Prior to the COVID-19 pandemic, the businesses who produced these natural casings had more resources to manage the workload by hand. This shifted and many manufacturers who were producing natural casings struggled to find staff after the lockdown, which served as a hurdle in getting a hold of a supply of natural casings in Australia. While the business still aims to produce products using natural casings, Borgo highlighted that the business quickly adapted to introduce some synthetic casings to handle the amount of smallgoods they produce.
“Our point of difference is putting human touch to every stage of the process,” said Borgo. “We use modern technology to help us regulate the processes rather than take over the whole process.”
Challenge of replacing plastic
Sustainability has become a central issue for food manufacturers, particularly in relation to packaging. For Borgo Salumi, cardboard recycling is straightforward, but plastic packaging presents greater challenges, describing plastic as unavoidable. While there has been progress in vacuum packaging, Borgo noted that many of the options currently available remain only partially recyclable and cannot fully preserve a product’s freshness or shelf life.
As he weighed the complications of adopting packaging that is only partially recyclable, Borgo addressed another problem – food waste.
“Adopting a partially recyclable solution may save a small amount of plastic, but it cannot be compared to the amount of food that you’re throwing away because it hasn’t maintained shelf life,” said Borgo.
He described the search for recyclable packaging as a waiting game. Borgo is hopeful of the efforts being made by the packaging industry. Until the right solution comes, Borgo Salumi continues to trial options and work closely with suppliers, while ensuring food safety and quality remain uncompromised.

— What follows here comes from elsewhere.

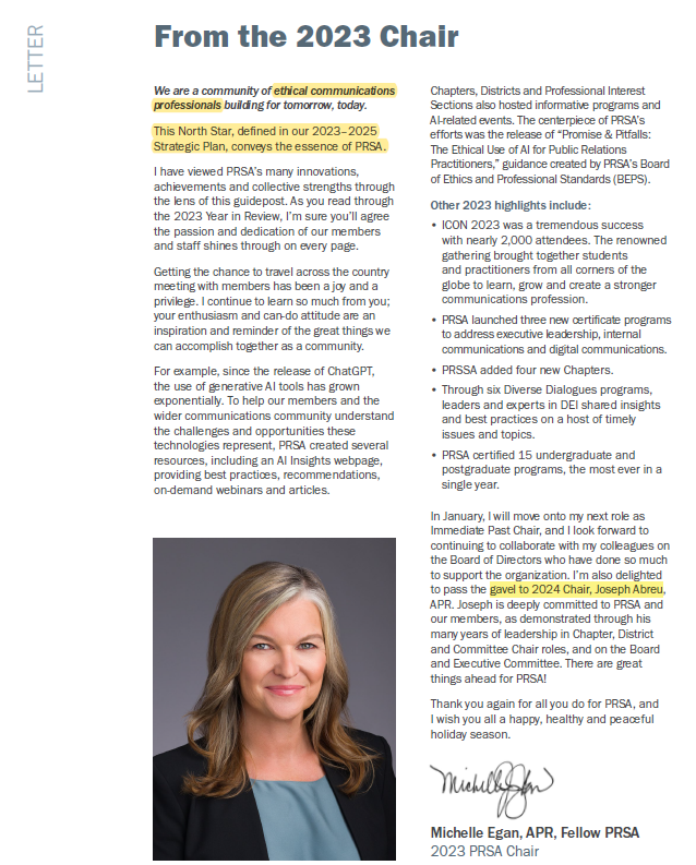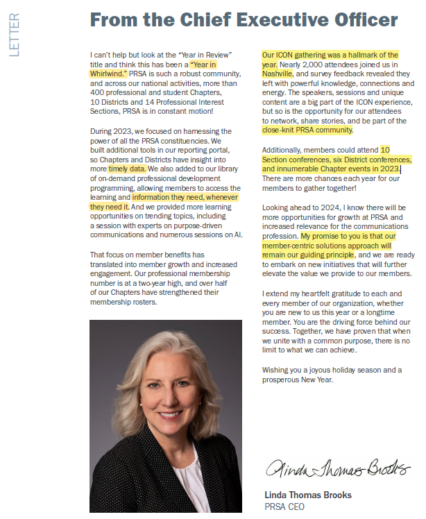 Later, at year-end 2023, CEO Linda Thomas Brooks lauded the Nashville conference in PRSA’s 2023 annual report as “a hallmark of the year,” without disclosing the earlier desired boycott in April.
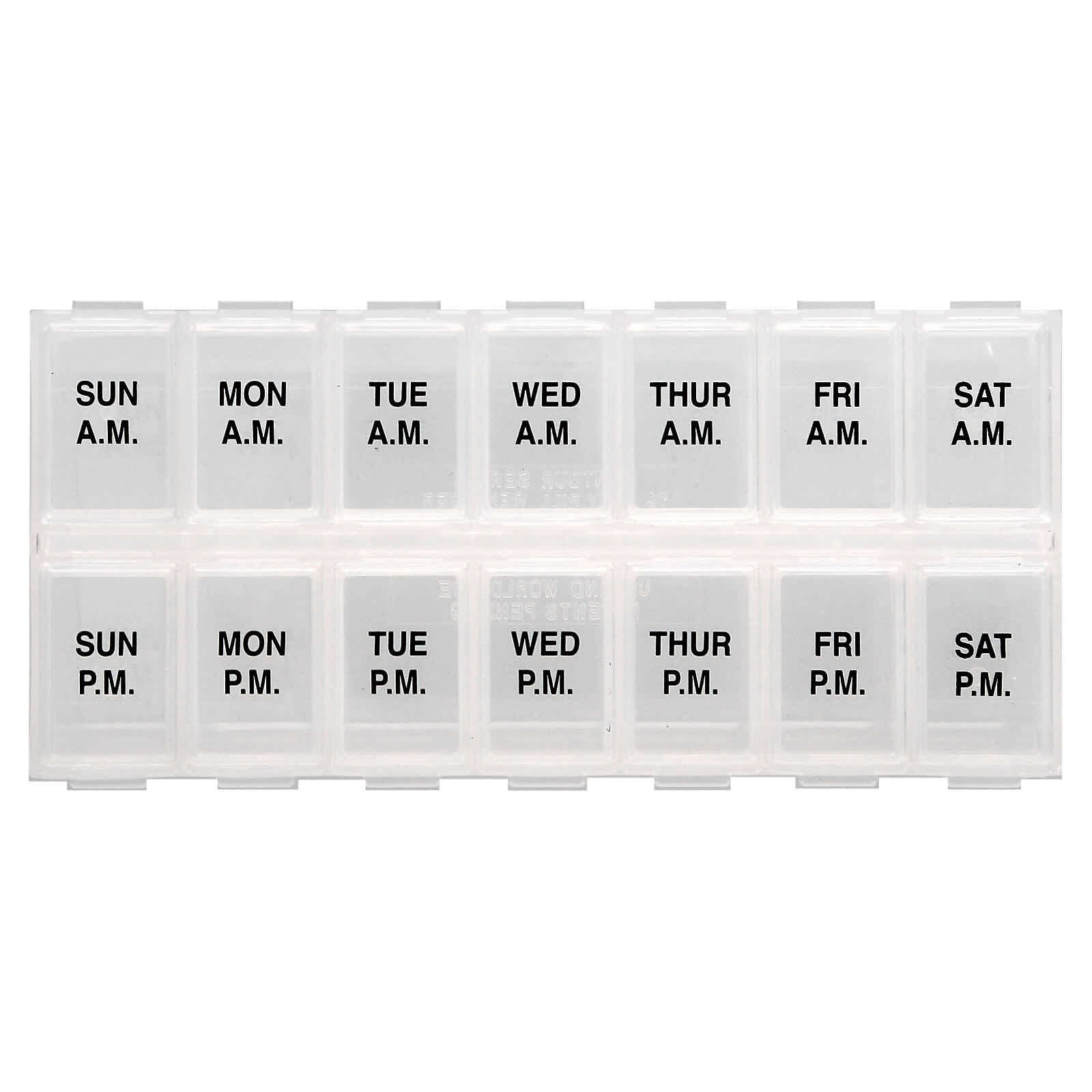 Этот еженедельный органайзер для таблеток Ezy Dose имеет закругленное основание в каждом отделении для удобного извлечения таблеток. Прозрачный пластик позволяет легко увидеть, были ли приемы лекарств или витаминов. На каждом легкодоступном отделении указаны день недели и время суток.

Food safety is a benefit, not a hindrance
When it comes to food safety audits and regulations, Borgo welcomes it, viewing it as a collaborative effort that helps maintain trust with consumers and regulators alike. Food safety underpins every step of the company’s production process. Routine pre- and post-production swabs, product testing, and regular audits are central to operations.

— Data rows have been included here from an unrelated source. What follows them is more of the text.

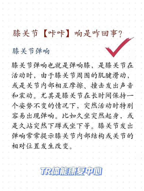 - 关节盘移位:关节内的软骨盘(关节盘)位置发生变化,导致活动时产生弹响或杂音,这是弹响的直接机械原因。
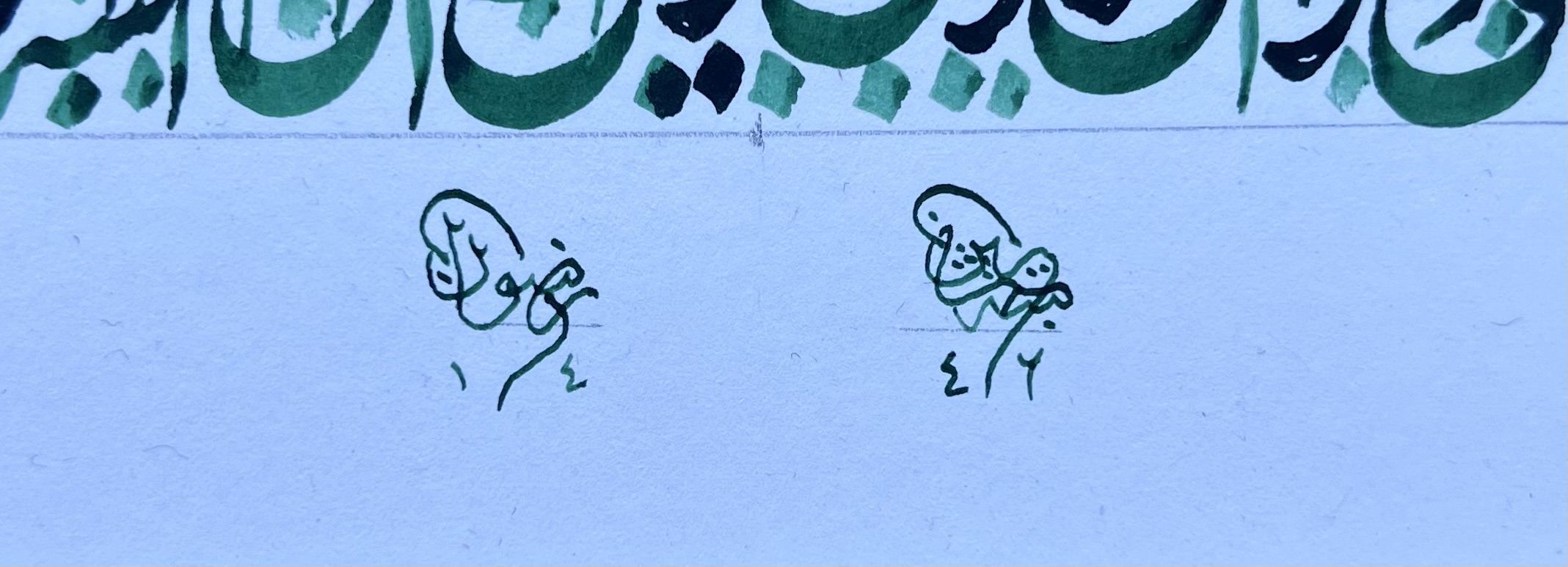 The style of calligraphy uses movement to represent the fast-flowing nature of the struggle humans go through. The inks are made from crushing Lapis Lazuli to make the blue ink and Emeralds to produce the green ink.
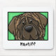 Cute kawaii brindle English Mastiff cartoon, inside a large green square. Underneath the illustration is the dog breed's name. Unique and charming Mastiff gifts for pet owners.
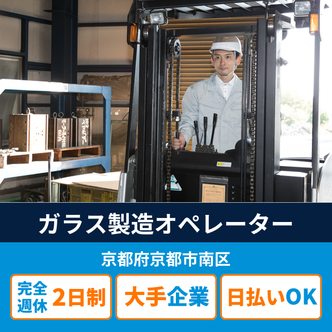 給与詳細 月収例 220,000円 日給例 11,200円 勤務地 京都府京都市南区 仕事内容 自動車用ガラス製造

With a good reputation within the health department, Borgo Salumi accepts the regulations as assistance to maintain the integrity of its products.
Winning platinum
Expanding over the years into a sizeable business with a 2,000 square metre facility, the company was recognised internationally at the 2025 IFFA competition in Germany, a smallgoods fair. Borgo Salumi achieved multiple medals including three platinum awards, which Borgo described it as a testament not only to its products but also to the dedication of its team.

Central to Borgo Salumi’s success at the event is its workplace culture. Since 2017, the company has implemented a documented set of values that emphasise care, passion, pride, integrity, respect and quality. By formalising expectations and encouraging accountability at all levels, including Borgo himself, the business has created an environment where employees feel valued and aligned.
Celebrating its 60th anniversary next year, the company continues to balance tradition with innovation. Future plans include expanding into new product lines such as salami bites, a preservative-free, free-range snack designed to appeal to younger consumers and families seeking protein-rich lunchbox options.
The recognition at the 2025 IFFA competition was as much about the employees as the brand, reflecting the collective effort that goes into every product. Borgo Salumi focuses on maintaining product integrity and strengthening its legacy. While honouring family traditions, the company is committed to utilising modern technology to aid its processes while keeping the human touch that keeps the Italian delicacies and traditions alive.
“We’re not sales-driven, we are product-driven,” said Borgo. “Our goal is to make the best salumi we can. It is not a new goal or an old goal. It is a continuous goal.”